STUDY MATERIAL —
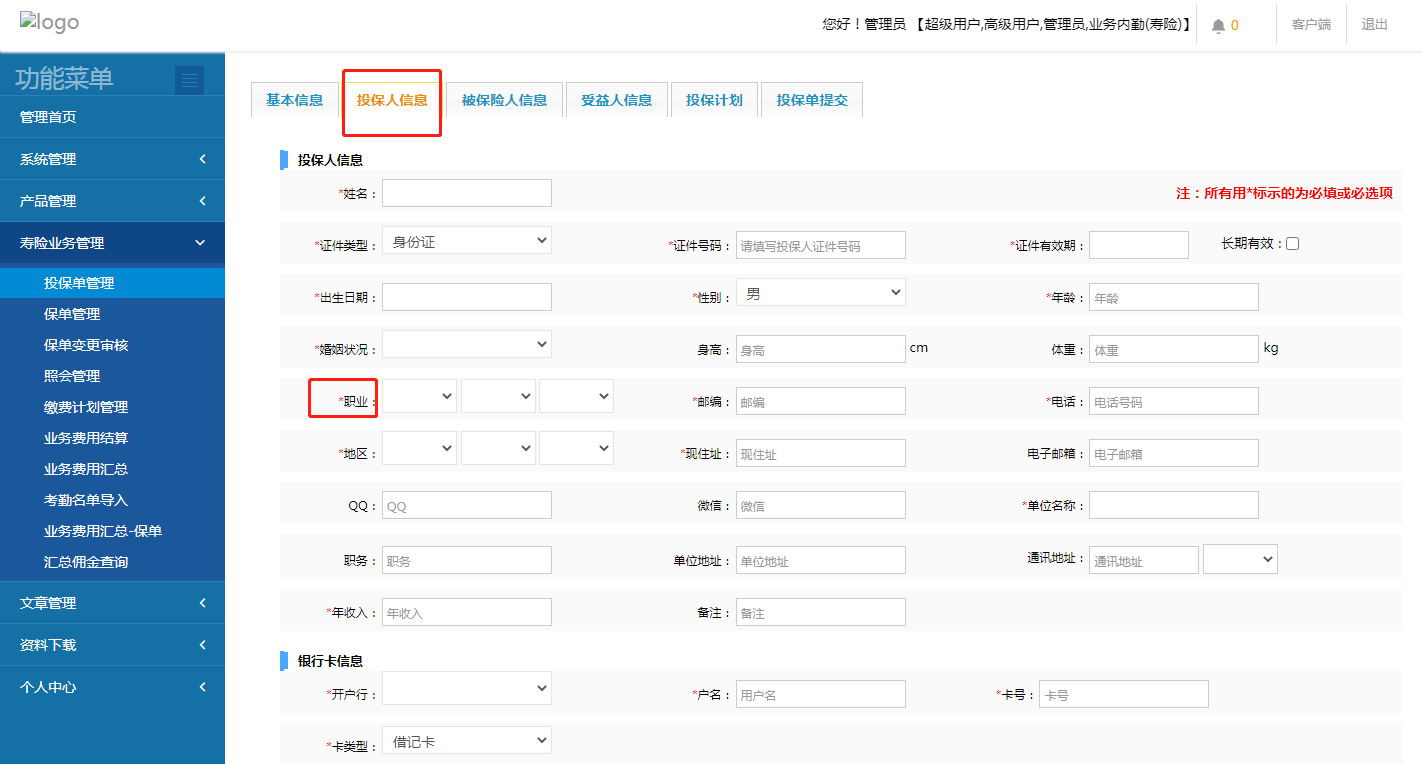 投保单管理-投保人信息-职业(职业修改为手动输入),详情见图:
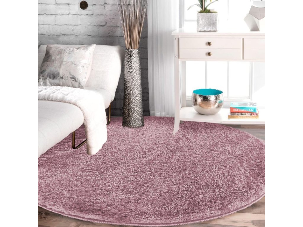 Kulatý koberec vhodný k praní jednobarevný Kamel - pink růžový
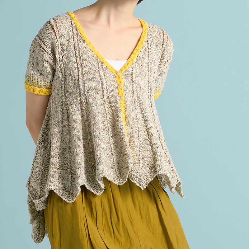 たっぷりとした編み地のカーディガンは後ろ下がりのシルエットが可愛い。ナチュラルカラーに鮮やかな黄色がアクセントになっています。
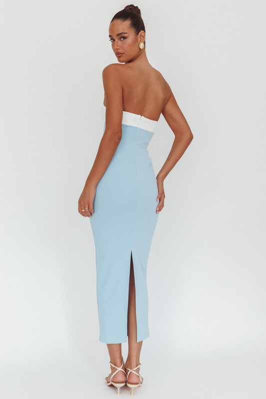 Sweetest Sundays Halterneck Open Back Dress Baby Blue
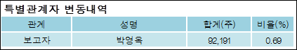 최대주주와 특수관계자의 지분 변동은 주가에 영향을 주는 요인이다. 특히 보유비율을 지속적으로 늘리거나 줄일 경우, 해당종목 투자시 유의할 필요가 있다.
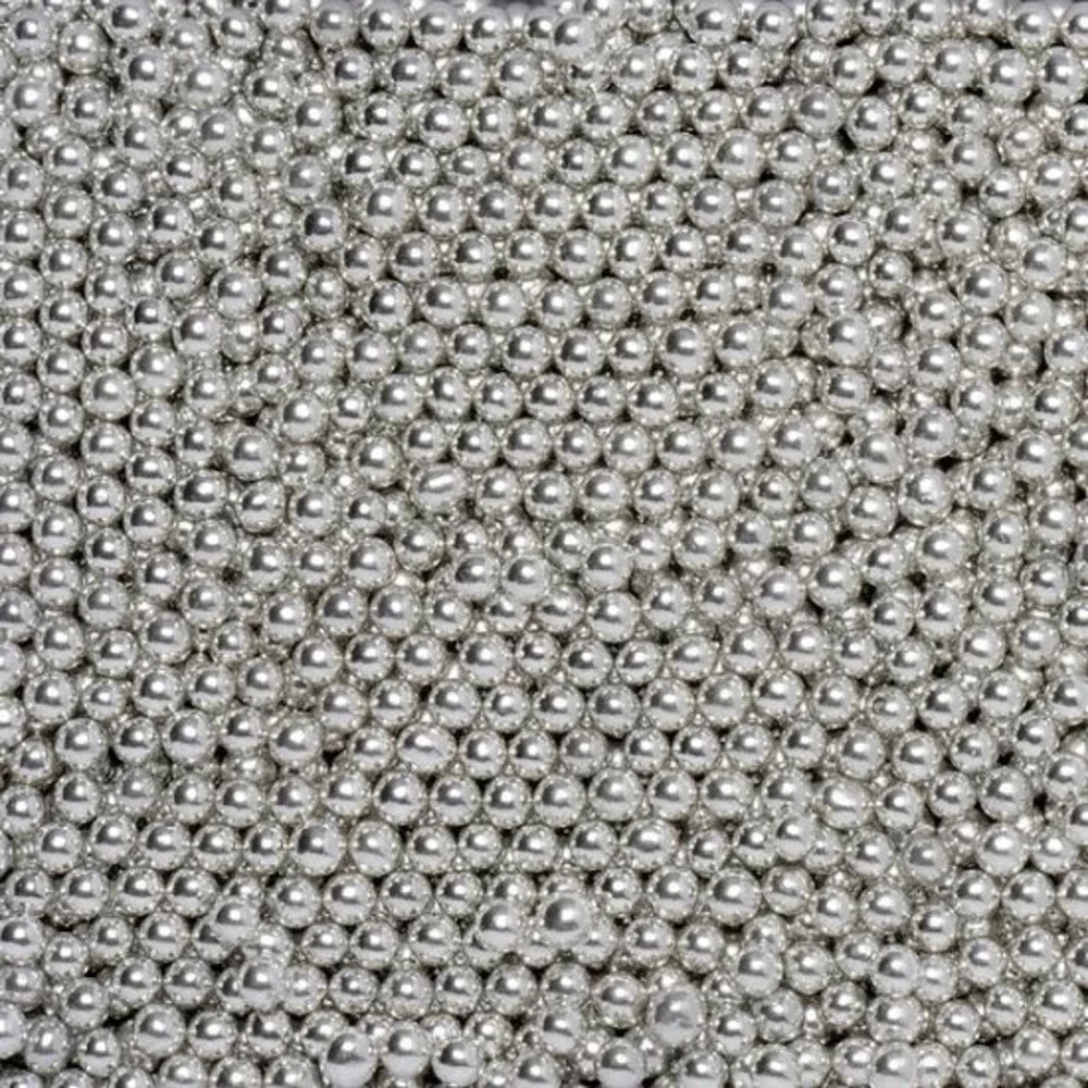 Metallic Sugar Balls – Ingredients: Sugar (98%), corn starch, maltodextrin, FISH gelatine, colourings: Silver E174; if Gold E174, E171, E172, E555, E100, E102; if Blue Silver E174, E133; if Pink Silver E174, E122; if Green Silver E174, E100, E133. Glazing agent (E904).
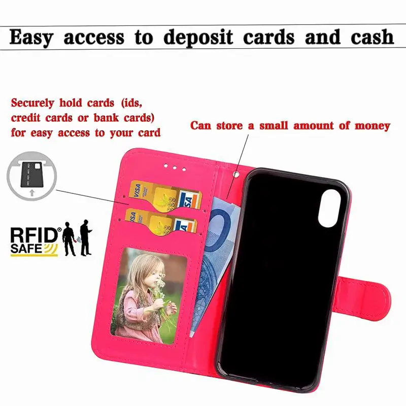 Features:Book Flip Style + Ultra Slim+Card Slots + Photo Slots + Cash Slot
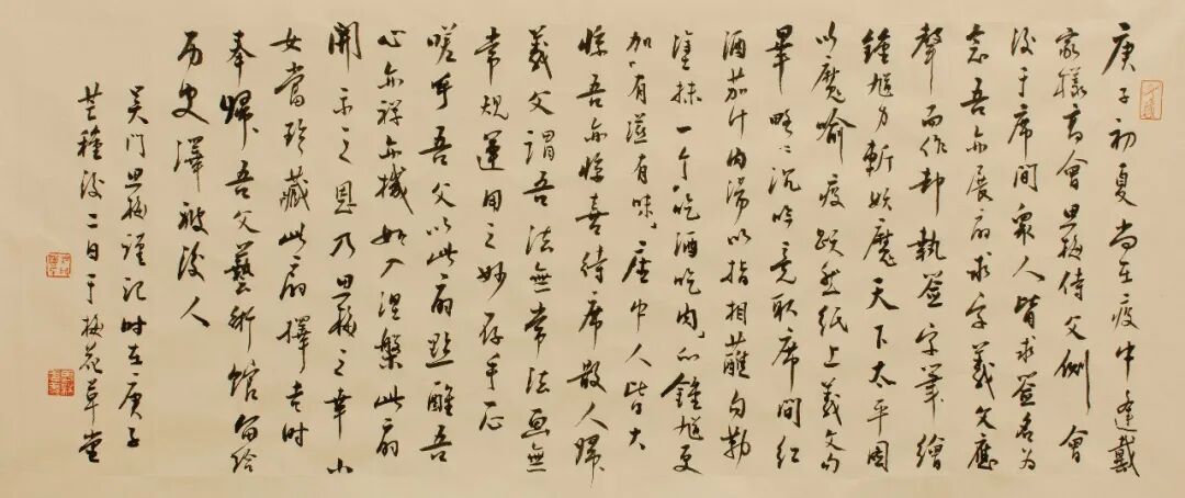 记者:在山水、梅兰竹菊之外,您还在尝试人物画,这次展出了仅有的一幅人物画《灵山法会图》。请谈谈画这幅作品时的状态。在这方面还有什么计划?周思梅:我非常有幸得到一代人物大师戴敦邦先生的提携和指导。戴老一直希望我能好好读《红楼梦》,画《红楼梦》,不枉自己生长在姑苏城这天然的条件。这些时我也一直在读,但我始终不敢动笔,觉得自己画人物不行。但我想我应该动起来,从人物线条开始。刚好戴老在我写的小楷《金刚经》长卷上画的引首白描《灵山法会图》也是戴老精心之作。我就想把它放大临摹。从线条上先把自己提高,把基本功先弄起来。我把这想法一说。老爷子非常赞赏。于是,就开始临摹放大。画了一个多月,这期间,也是反反复复拿到上海不断听取义父的意见作修改。在义父的指导下完成了这幅画,这次作为一件重要的作品展示出来。虽然和老爷子的要求还有很大的距离,但画了这张画,我增加了信心,我会在人物线条上继续下功夫。这件画画的很辛苦,这个体会和画山水不一样。我画山水就像跟古人对话,和他们一起游山玩水,画梅兰竹菊就是表现文人情怀,笔墨趣味。但画这《灵山法会图》特别理解了古代民间艺人的情怀。前段时间,我来北京之前,给老爷子写了封信,我说以前您一直叫我去敦煌,其实我没有懂,没有理解,也并不知道敦煌真正伟大在哪里。但是,今天我突然觉悟,开始觉得我有点懂了。我有想去敦煌的冲动,也有想画敦煌山水人物的激情和想法。这个展览结束后,我可能会在这上面多花时间,多下功夫。到目前为止,我人物画上没有很好的进步,一直也是内心觉得愧对义父戴敦邦先生的厚爱和期望。记者:好。希望您继续深入人物画的研究和创作。谢谢!

TASK GOAL — From the line containing "최대주주와 특수관계자의 지분" through the last line of the listing, inclusive, transcribe every line exactly and nothing else; the pictures stay out.

OUTPUT BELOW —
 최대주주와 특수관계자의 지분 변동은 주가에 영향을 주는 요인이다. 특히 보유비율을 지속적으로 늘리거나 줄일 경우, 해당종목 투자시 유의할 필요가 있다.
 Metallic Sugar Balls – Ingredients: Sugar (98%), corn starch, maltodextrin, FISH gelatine, colourings: Silver E174; if Gold E174, E171, E172, E555, E100, E102; if Blue Silver E174, E133; if Pink Silver E174, E122; if Green Silver E174, E100, E133. Glazing agent (E904).
 Features:Book Flip Style + Ultra Slim+Card Slots + Photo Slots + Cash Slot
 记者:在山水、梅兰竹菊之外,您还在尝试人物画,这次展出了仅有的一幅人物画《灵山法会图》。请谈谈画这幅作品时的状态。在这方面还有什么计划?周思梅:我非常有幸得到一代人物大师戴敦邦先生的提携和指导。戴老一直希望我能好好读《红楼梦》,画《红楼梦》,不枉自己生长在姑苏城这天然的条件。这些时我也一直在读,但我始终不敢动笔,觉得自己画人物不行。但我想我应该动起来,从人物线条开始。刚好戴老在我写的小楷《金刚经》长卷上画的引首白描《灵山法会图》也是戴老精心之作。我就想把它放大临摹。从线条上先把自己提高,把基本功先弄起来。我把这想法一说。老爷子非常赞赏。于是,就开始临摹放大。画了一个多月,这期间,也是反反复复拿到上海不断听取义父的意见作修改。在义父的指导下完成了这幅画,这次作为一件重要的作品展示出来。虽然和老爷子的要求还有很大的距离,但画了这张画,我增加了信心,我会在人物线条上继续下功夫。这件画画的很辛苦,这个体会和画山水不一样。我画山水就像跟古人对话,和他们一起游山玩水,画梅兰竹菊就是表现文人情怀,笔墨趣味。但画这《灵山法会图》特别理解了古代民间艺人的情怀。前段时间,我来北京之前,给老爷子写了封信,我说以前您一直叫我去敦煌,其实我没有懂,没有理解,也并不知道敦煌真正伟大在哪里。但是,今天我突然觉悟,开始觉得我有点懂了。我有想去敦煌的冲动,也有想画敦煌山水人物的激情和想法。这个展览结束后,我可能会在这上面多花时间,多下功夫。到目前为止,我人物画上没有很好的进步,一直也是内心觉得愧对义父戴敦邦先生的厚爱和期望。记者:好。希望您继续深入人物画的研究和创作。谢谢!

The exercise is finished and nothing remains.